John Moore/Getty Images

John Moore/Getty Images

The Supplemental Nutrition Assistance Program — known more commonly as food stamps — has been in smaller demand as of late as the economic situation in the United States has improved. Following the initial downturn and the beginning of the recession, there was a significant increase in applicants, as is easily seen in the graph below — provided by the Christian Science Monitor.
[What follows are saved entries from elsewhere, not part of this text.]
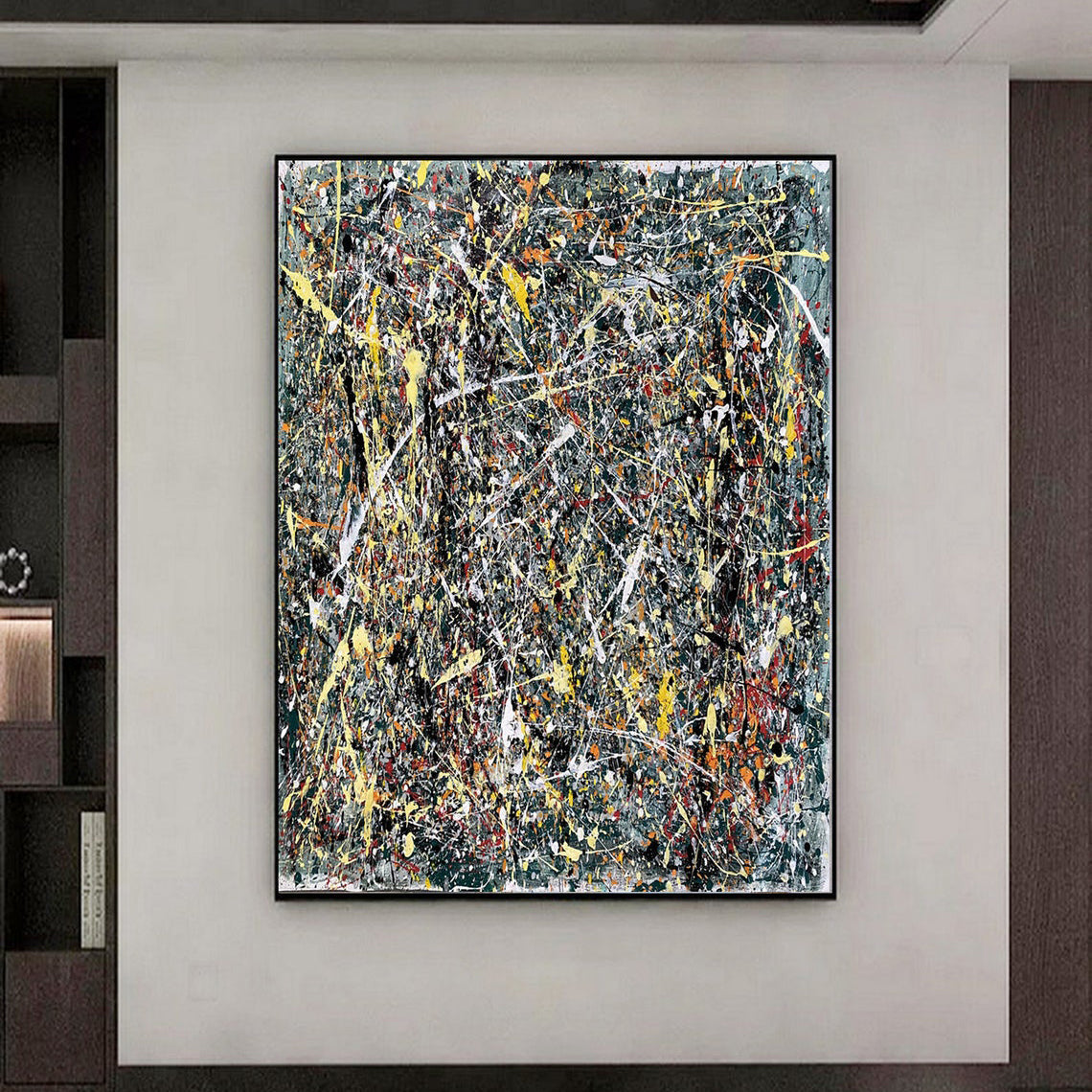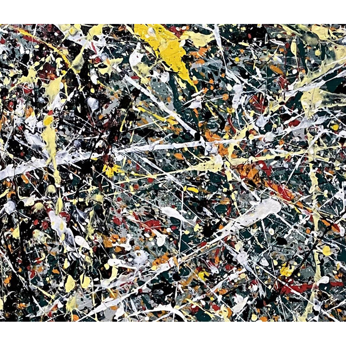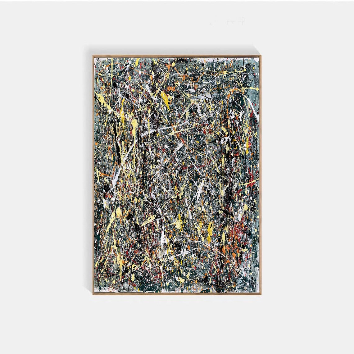 Pollock's inspired 'Solemn' captures the quiet energy of reflection through its intricate web of colors and movement. This painting balances bold strokes with deep thought, making it a striking yet meditative addition to your space.
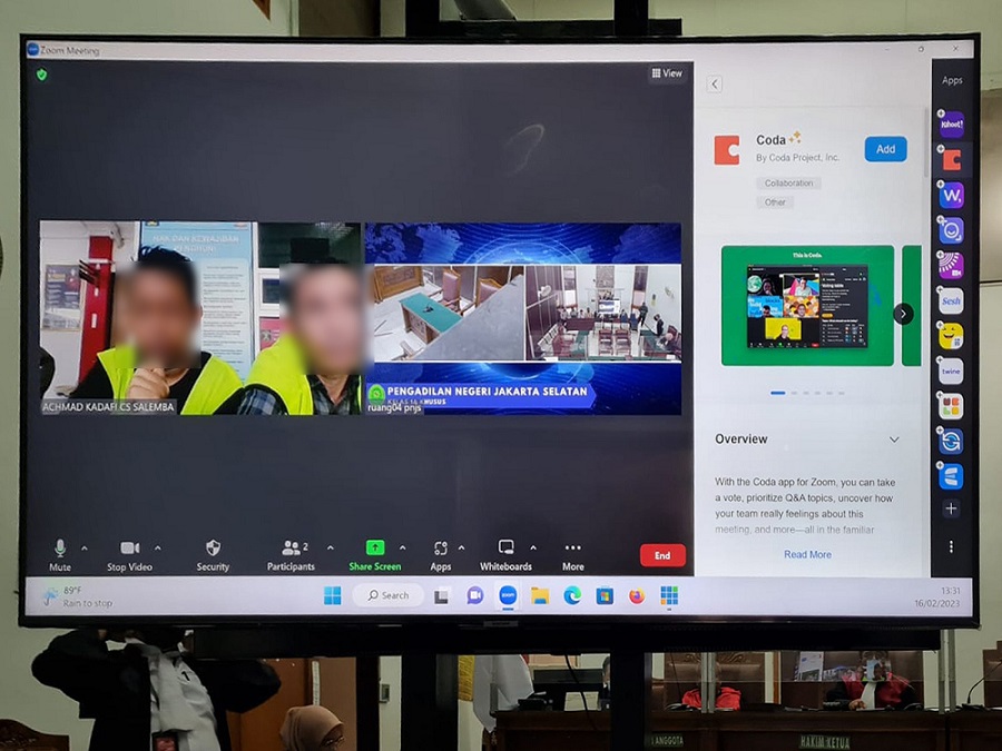 Majelis Hakim Pengadilan Negeri Jakarta Selatan yang diketuai oleh Bawono Effendi membacakan putusan pidana penjara terhadap dua orang terdakwa yakni Ahmad Khadafi alias Vicky Andrean dan Junaidi Priandi dalam kasus faktur pajak yang tidak berdasarkan transaksi yang sebenarnya (TBTS) melalui wajib pajak PT. EIB dan PT. PKB di Pengadilan Negeri Jakarta Selatan (Kamis, 16/2).
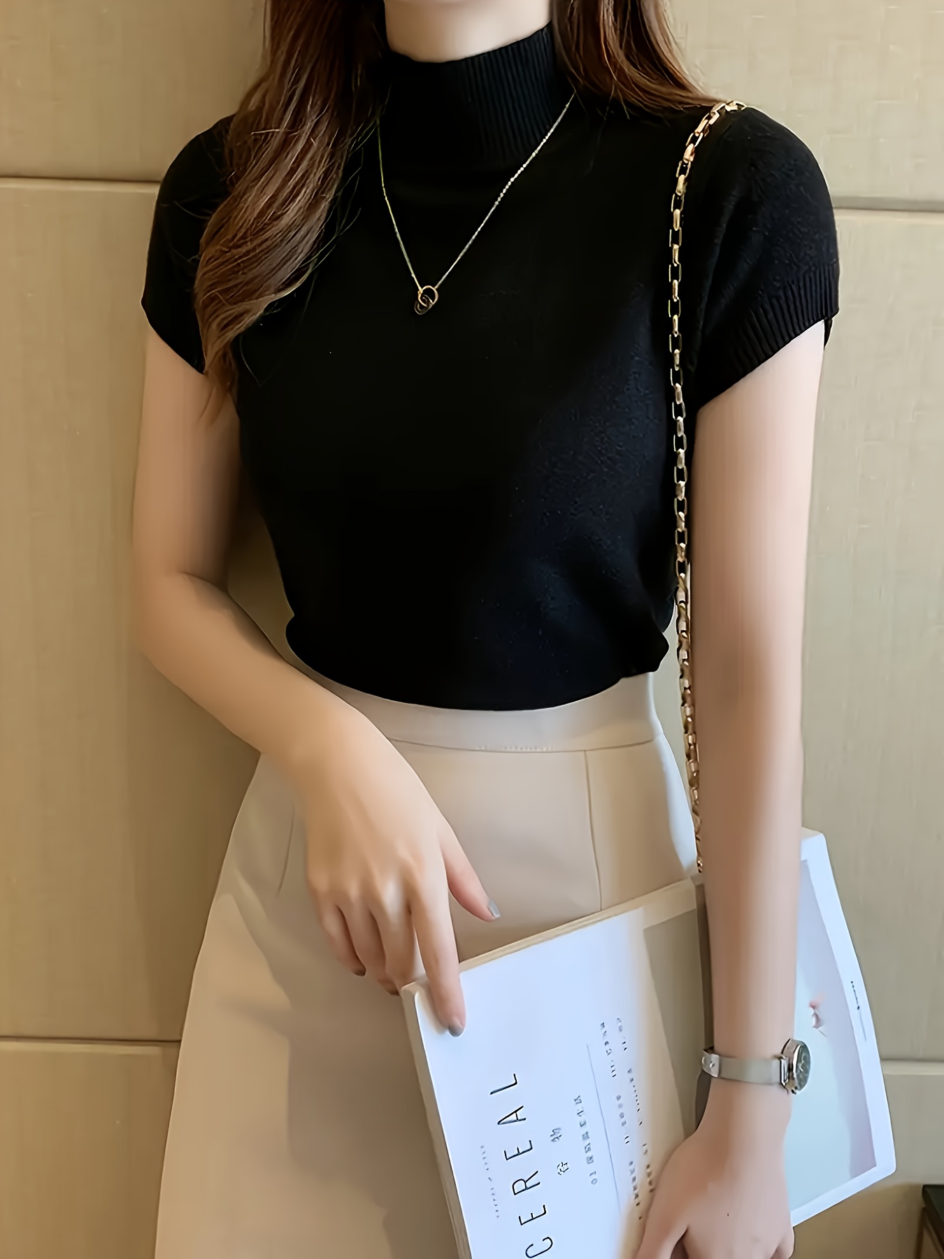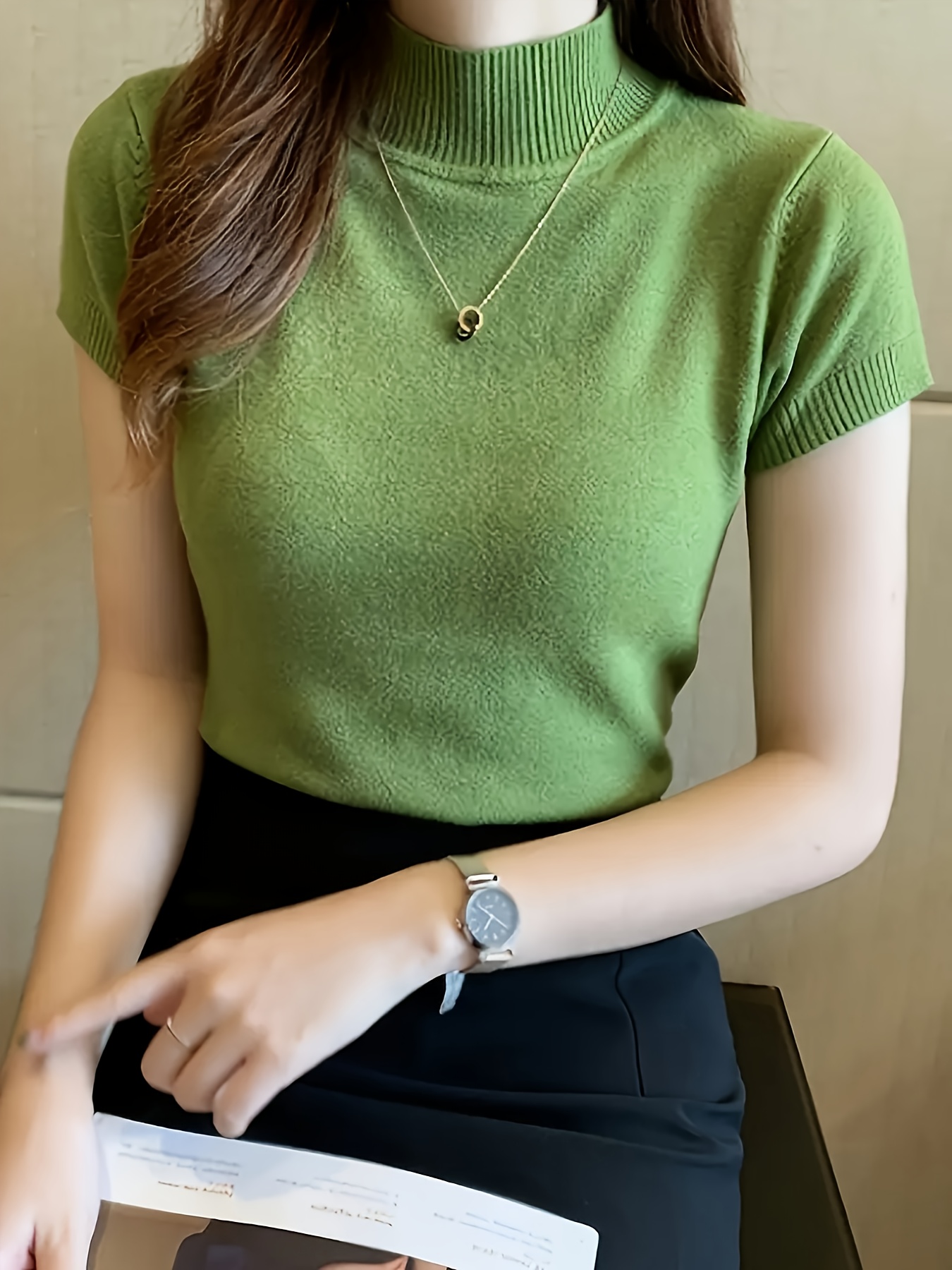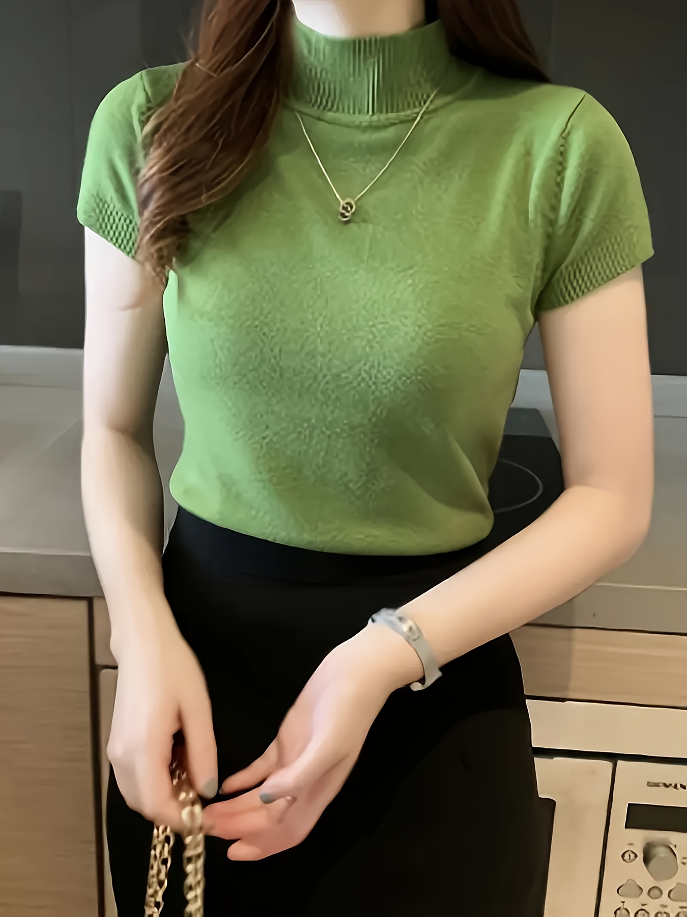 Women's Chic Sweater - Stretchy Office to Party Top, Non-See-Through Slim Fit Shirt for Spring\u002FSummer\u002FFall, Machine Washable Everyday & Formal Outfits, Seasonal Fashion, Highneck Design, Comfortable Wear

In 2012 the number of enrollees jumped to 47 million, up from the 31.9 million who were receiving stamps when President Barack Obama came into office in January 2009. Obama was promptly labeled by some as the food stamp president, with the Washington Times reporting in March 2013 that enrollment went up 70% since he took office. Whether it’s fair to blame Obama for the increase is debatable. It’s possible to argue — as Republicans claim Democrats too often do — that much of the demand for aid was a result of economic and job market problems inherited from Obama’s predecessor.

It’s arguable that by failing to mitigate the effects of poor economic performance with other policy efforts and programs, he is to blame for the dependence on social programs like SNAP. It’s also been argued that these programs are in need of reform, and that without it they’ve grown into monsters. It seems more likely that the difficult job market conditions nation wide caused the increase, and a recent decrease is a result of the improving economy in America. Because there has been a decrease.

Compared year over year, 2013 and 2014 show the beginnings of a decrease in participants of SNAP, according to the USDA. From October 2013 to October 2014, there has been a cumulative 1.6% decrease in participants — though from September to October 2014 there was a .5% increase, so it hasn’t been a continual downtrend, but, still, it’s the first we’ve seen in a long while.

This drop is particularly worth considering given the upcoming cuts to the SNAP program. The cuts are automatic, a result of state waiver expiration. The effect, according to the Center on Budget and Policy Priorities, is that almost 1 million unemployed adults without children would be cut from benefits. “These individuals will lose their food assistance benefits after three months regardless of how hard they are looking for work,” reports the CBPP, noting that many will not be able to apply for other programs, and these include some of the poorest U.S. citizens in need of aid. Of these 1 million, approximately 40% are women, and nearly 33.3% over 40. “Agriculture Department (USDA) data show that the individuals subject to the three-month limit have average monthly income of approximately 19 percent of the poverty line,” reports CBPP, adding that “they typically qualify for no other income support.”

The real problem is not perhaps that the benefits are cut after three months — which even the most staunch conservative would have to admit may not be long enough to find employment even at the best of times. No, the real problem is that this is true even in states that have little to offer in the way of employment, work, or training programs, CBPP reports. This means that rather than pairing a very quick deadline with employment aid — to prevent dependence or people taking advantage of the system — some states simply cut off help rapidly without facilitating more empowering individuals to no longer need aid. And while unemployment rates are falling, underemployment is still a problem. The total cost of SNAP has gone done in 2014, from 79.9 million to 73.7 million, falling below 2011 and marking a considerable decrease from the record-breaking 2013, according to a report published in January 2015.

What this ends up demonstrating is the distinct need for programs outside SNAP and the important role they take in getting people back on their feet. The population in question with this particular cut is significant in part because it includes people across age and race demographics who do not have children and who do not have mental of physical disabilities. However, many of these individuals are reported to have poor education and few opportunities, demonstrating a very clear and obvious need not being fulfilled.

This is not a surprise of course, politicians on both sides of the aisle have recognized the need to offer training and work programs for unemployed Americans for some time now, each with different preferred policy initiatives of course, but both clearly cognizant of the principle of the thing. The issue is that, with cuts like these, it’s clear that what has so far been accomplished state to state is not enough, and some states in particular need more help than others.